Mobilizing the First Thousand Texans for Virginia
The men who became Hood’s Texas Brigade sprinted toward war in 1861. While the average military-age male, North and South, enlisted with enthusiasm, only a select few rushed, at their own expense or that of their communities, to their nation’s capital. Significantly, this early willingness to live, fight, and possibly die more than a thousand miles from home to secure Confederate independence did not diminish in the years that followed secession. An appreciation for the depth of this dedication to Confederate victory is key to understanding the Texas Brigade’s development as an elite unit in the American Civil War. One of the best, and worst, representations of that nationalistic fervor was a South Carolinian by birth and Texan by choice named Louis Trezevant Wigfall. He would become the original commander of the Texas Brigade, and his political star was rising in the year of Abraham Lincoln’s election.
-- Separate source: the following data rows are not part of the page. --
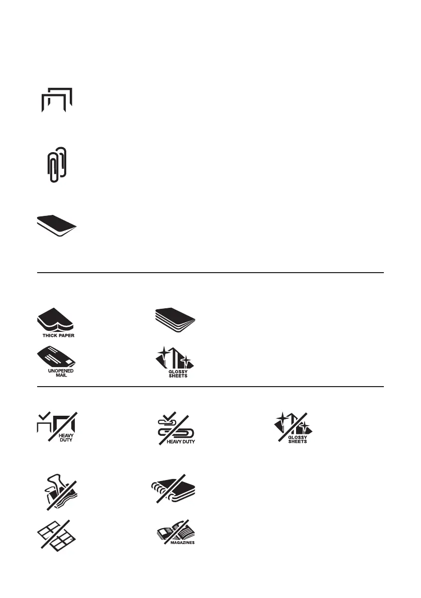• Clipes de papel pequenos/médios (espessura máxima do arame = 0,9 mm)
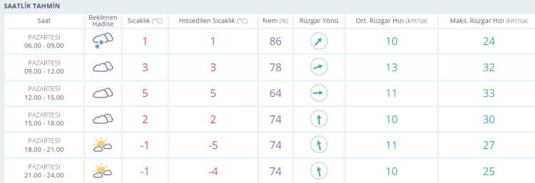 İŞTE BURSA İÇİN SAATLİK HAVA DURUMU TAHMİNİ (29 ARALIK 2025)
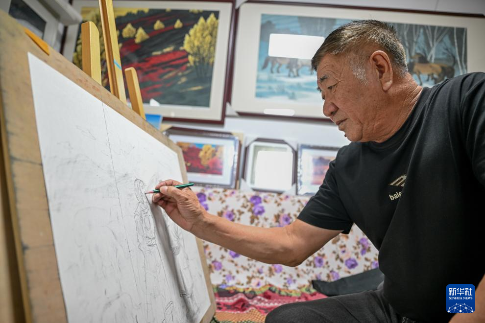 8月10日,在内蒙古扎鲁特旗版画院,扎鲁特版画代表性传承人照那木拉在画室创作。
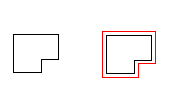 元のオブジェクトとオフセットされたオブジェクト(赤で示されています)。
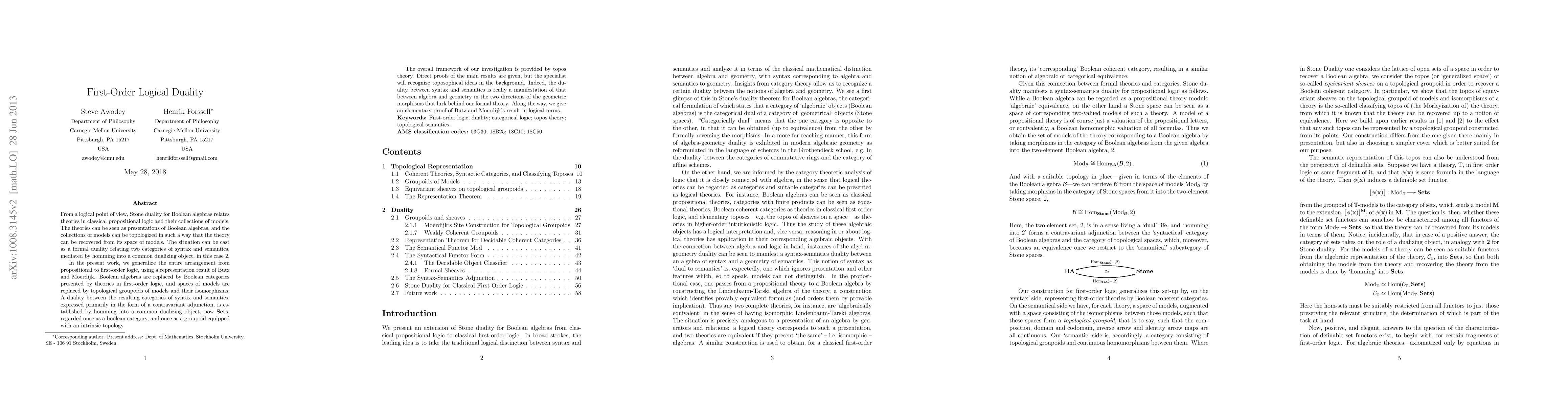 Researchers develop a duality framework for first-order logical theories, relating syntax and semantics through a common dualizing object, and establish a contravariant adjunction between two categories of syntax and semantics in topos theory.

The Texas senator had made an impression from the moment he entered Washington City. He always made an impression. He was known for his duels, his temper, and his drinking, but Wigfall usually landed on his feet, largely due to his gift for politics. He was a physically imposing man whose dark, wavy hair fell to a grizzled beard that complemented his bear-like reputation. He had a raw but effective debate style, punctuated by “blows like those of a sledge-hammer,” a friend explained. “He was bitter in his words, his delivery was careless and slovenly to affection, but some of his sentences were models of classic force, and as clear-cut as the diamond.”1
It was with a mix of dread and excitement that senators watched Wigfall rise to speak on March 22, 1860. He had grown weary of his colleagues’ warnings against secession. “It is all twaddle and nonsense to talk about fighting and bloodshed in the event of dissolution of the Union,” Wigfall grumbled. “What would the effect [be] . . . ? Their spindles would cease to turn; their looms would cease to move. Their ships would be laid up at their wharves,” he fairly shouted, glaring at the northern senators who represented the “their” in his speech. “You going to conquer us! Where are you going to get the money? The Union being dissolved, and your ships knocked out of the carrying trade, we can put our cotton, our rice, our tobacco, our sugar, and our molasses, upon any bottoms that will carry them the cheapest.” Leaning forward, Wigfall stared at James Simmons, the senator from Rhode Island: “I would like to know what he is going to do with his calico. Who is going to buy it? We would not. Your only market is in the South. What are you going to ship abroad? Cotton is king. We have our cotton and England is obliged to buy it.”2
Wigfall made secessionists look like moderates that election year, and he outraged the Southern Unionists struggling to find solutions to the tensions that were tearing the country apart. This included Texas governor Sam Houston, who described Wigfall as “beyond the pale of national Democracy,” a man who reflected his roots in “the South Carolina nursery of disunion.”3 Try as they might, though, moderates could not silence Wigfall, whose complaints resonated with many Texans. In 1859, they had elected Unionist Sam Houston as their governor, but as the next presidential election loomed, a race that would include a Republican candidate, Texans grew wary.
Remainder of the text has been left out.